The process of a baseball season is a lot like the process of writing a book: It's most enjoyable when it's over. With baseball, that means wrapping up the 162nd game and then looking back and studying the statistics, seeing which players got better or worse (or, like Adam Dunn, both). If the season becomes 154 games or 148 games or whatever pie-in-the-sky length being floated by this baseball writer or that one, the process will be ruined. We can't enjoy the season because it's baseball, and now we can't enjoy its conclusion because it's not baseball. Sort of like what steroids did to the game a few years ago.
Another solution, and I'm providing the link so you don't think I'm making this up, is to shorten the actual games in the World Series from nine inning to seven. Apparently that bastardized, rain-interrupted Game 5, which started on a Monday and ended with a three-inning shootout on a Wednesday, wasn't a travesty. It was the future. Or something like that. Look, click the link. I can't make sense of it, and it hurts my head just to try.
What's kind of nice is that there are still people who think baseball is worth saving.
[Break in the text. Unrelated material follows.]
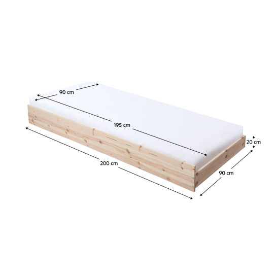 Materiál: smrk Barva: přírodní Rozměry (ŠxHxV): 200x90x20 cm Plocha na spaní (ŠxH): 90x195 cm Tloušťka materiálu: 1,8 cm Nosnost: 100 kg S kolečky Dodávána s laťkovým roštem Počet latí: 15 Dodávána bez matrace Možnost zakoupit matraci z naší nabídky Doporučená výška matrace: 12 cm Možnost zakoupit k posteli BENY nebo palandy BENY Kvalitní slovenský výrobek Dodáváno v demontu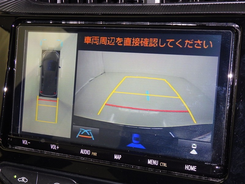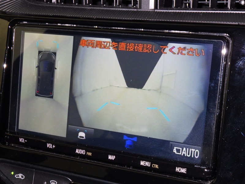 パノラミックビューモニターシステムが付いているので車の上から見た映像が確認できますよ。 一目で車両周辺の情報を確認できますが、直接安全をご確認下さい。

Some pitchers make $500,000 for a single start, even the starts that don't make it out of the second inning, and Scott Boras is about to get Manny Ramirez a contract worth $50,000 per plate appearance, even the at-bats when he's not trying. Tickets are too expensive, parking is too expensive and ballpark concourses are too much like the local mall, only with a much more expensive food court.
But still people -- people who go to the ballpark for free, it must be pointed out -- want to save baseball. That's sweet.
Me, I say baseball can't be saved. Blame Bud or Barry Bonds or Mark McGwire or whatever scapegoat you want, but just admit what is clear. Baseball is no longer our national pastime. It's now a niche sport. The baseball media would disagree, but as the steroid scandal showed us, the baseball media is always the last to know.